As of the 2020 census, Marland had a population of 184. The median age was 36.5 years. 28.8% of residents were under the age of 18 and 13.6% of residents were 65 years of age or older. For every 100 females there were 102.2 males, and for every 100 females age 18 and over there were 107.9 males age 18 and over.

0.0% of residents lived in urban areas, while 100.0% lived in rural areas.

There were 65 households in Marland, of which 47.7% had children under the age of 18 living in them. Of all households, 30.8% were married-couple households, 27.7% were households with a male householder and no spouse or partner present, and 33.8% were households with a female householder and no spouse or partner present. About 20.0% of all households were made up of individuals and 6.1% had someone living alone who was 65 years of age or older.

There were 86 housing units, of which 24.4% were vacant. The homeowner vacancy rate was 0.0% and the rental vacancy rate was 21.1%.

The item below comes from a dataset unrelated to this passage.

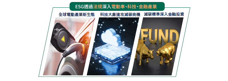 隨著ESG法規如火如荼訂定,帶動全球產業大變革,包含電動車、科技大廠及金融產業都在搶攻減碳商機,ESG不再只是紙上談兵,而是長期能產生影響力的投資趨勢。

Racial composition as of the 2020 census
| Race | Number | Percent |
|---|---|---|
| White | 70 | 38.0% |
| Black or African American | 0 | 0.0% |
| American Indian and Alaska Native | 77 | 41.8% |
| Asian | 0 | 0.0% |
| Native Hawaiian and Other Pacific Islander | 0 | 0.0% |
| Some other race | 4 | 2.2% |
| Two or more races | 33 | 17.9% |
| Hispanic or Latino (of any race) | 12 | 6.5% |

===2000 census===

As of the 2000 census, the median income for a household in the town was $27,188, and the median income for a family was $25,625. Males had a median income of $26,563 versus $18,000 for females. The per capita income for the town was $8,918. About 31.0% of families and 37.9% of the population were below the poverty line, including 49.6% of those under the age of eighteen and 27.3% of those 65 or over.